> _What you will do_: Reproduce only this stretch of the listing below: from the line with "为进一步规范执行案款收发、管" through the line with "The first Pajama", exactly as written, with pictures excluded.

> _Records for the exercise_:

%%

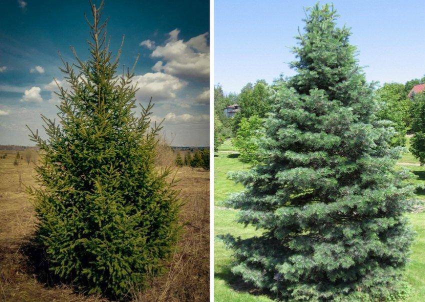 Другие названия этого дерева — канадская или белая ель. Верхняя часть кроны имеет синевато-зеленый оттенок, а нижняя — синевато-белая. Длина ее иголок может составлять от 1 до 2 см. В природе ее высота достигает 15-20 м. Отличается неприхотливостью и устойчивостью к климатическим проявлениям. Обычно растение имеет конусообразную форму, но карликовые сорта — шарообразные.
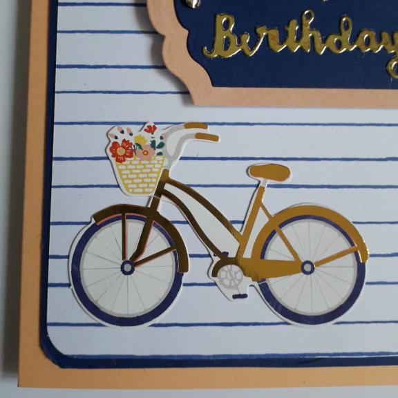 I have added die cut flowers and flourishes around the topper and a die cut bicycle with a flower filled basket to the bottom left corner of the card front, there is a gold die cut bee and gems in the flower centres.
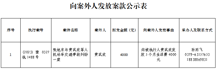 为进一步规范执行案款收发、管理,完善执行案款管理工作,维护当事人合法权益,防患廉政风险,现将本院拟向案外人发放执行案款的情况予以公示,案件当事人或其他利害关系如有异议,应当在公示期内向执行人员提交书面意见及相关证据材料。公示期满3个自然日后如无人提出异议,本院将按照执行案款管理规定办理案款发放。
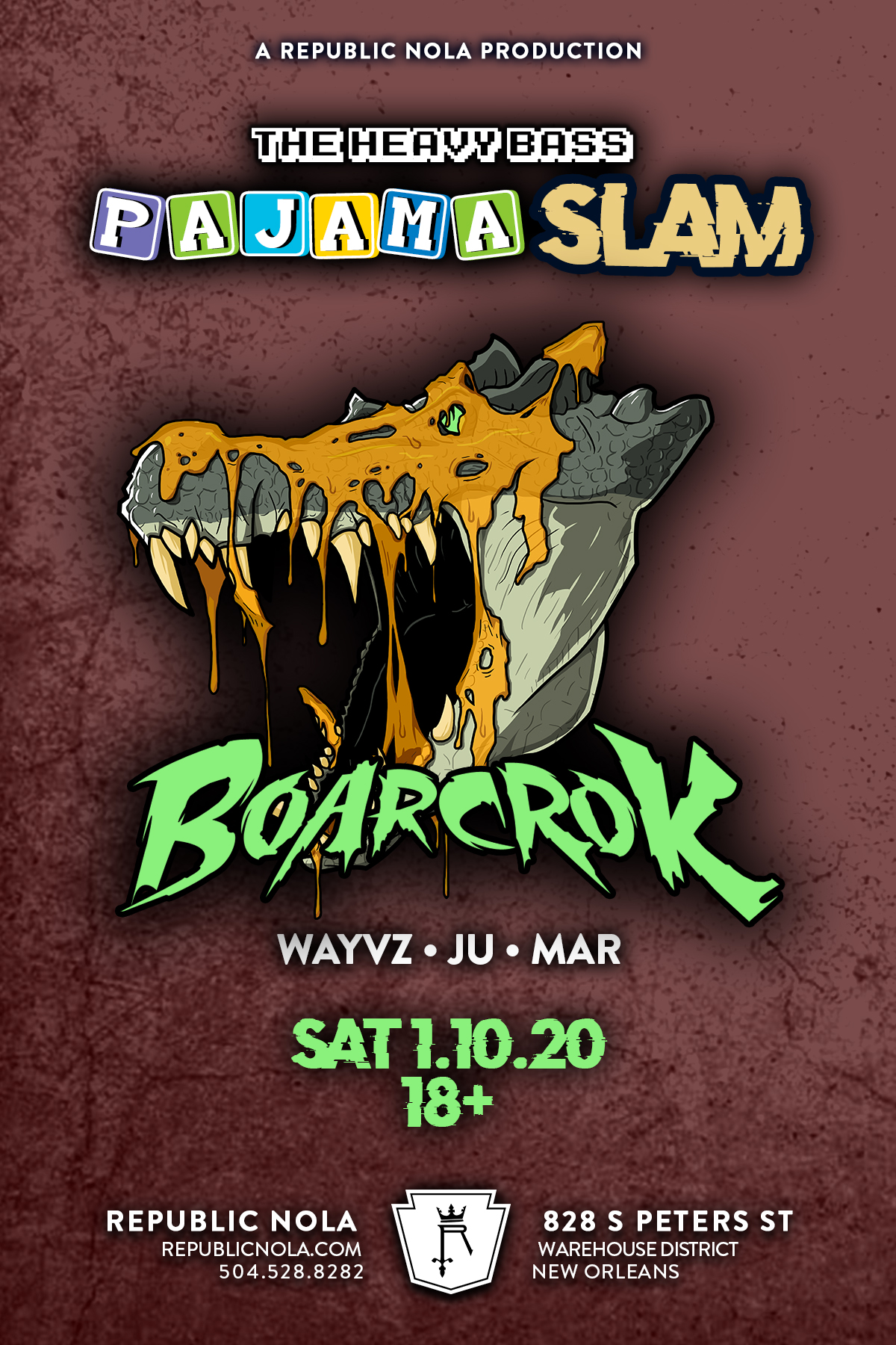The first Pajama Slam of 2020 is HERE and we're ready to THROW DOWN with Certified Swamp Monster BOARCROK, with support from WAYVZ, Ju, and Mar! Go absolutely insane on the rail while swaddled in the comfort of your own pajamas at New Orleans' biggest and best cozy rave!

%%
%%

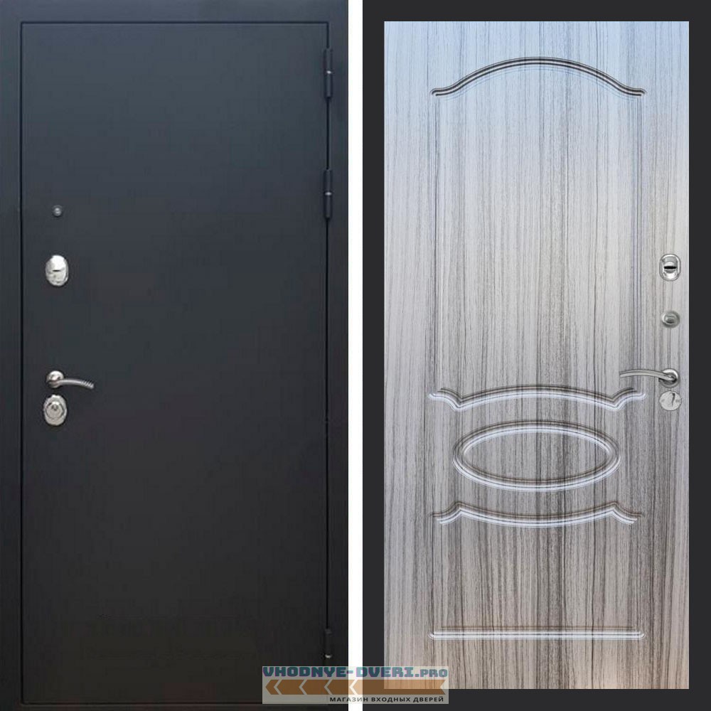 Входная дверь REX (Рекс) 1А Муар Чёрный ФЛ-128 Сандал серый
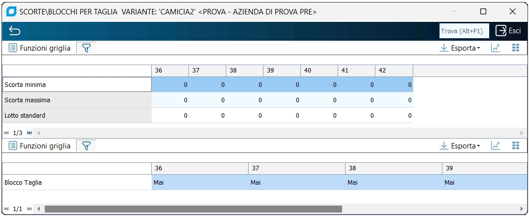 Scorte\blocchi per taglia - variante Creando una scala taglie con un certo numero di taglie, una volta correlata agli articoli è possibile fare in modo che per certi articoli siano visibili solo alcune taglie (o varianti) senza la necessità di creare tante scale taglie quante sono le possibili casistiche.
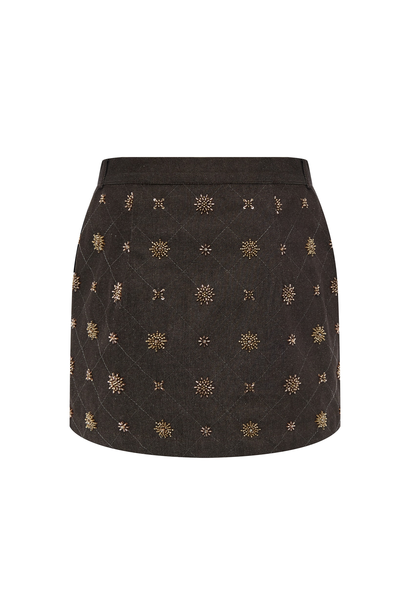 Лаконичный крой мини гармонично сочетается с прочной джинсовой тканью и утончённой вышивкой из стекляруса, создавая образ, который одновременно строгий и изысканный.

%%

> _Task response_:
 为进一步规范执行案款收发、管理,完善执行案款管理工作,维护当事人合法权益,防患廉政风险,现将本院拟向案外人发放执行案款的情况予以公示,案件当事人或其他利害关系如有异议,应当在公示期内向执行人员提交书面意见及相关证据材料。公示期满3个自然日后如无人提出异议,本院将按照执行案款管理规定办理案款发放。
The first Pajama Slam of 2020 is HERE and we're ready to THROW DOWN with Certified Swamp Monster BOARCROK, with support from WAYVZ, Ju, and Mar! Go absolutely insane on the rail while swaddled in the comfort of your own pajamas at New Orleans' biggest and best cozy rave!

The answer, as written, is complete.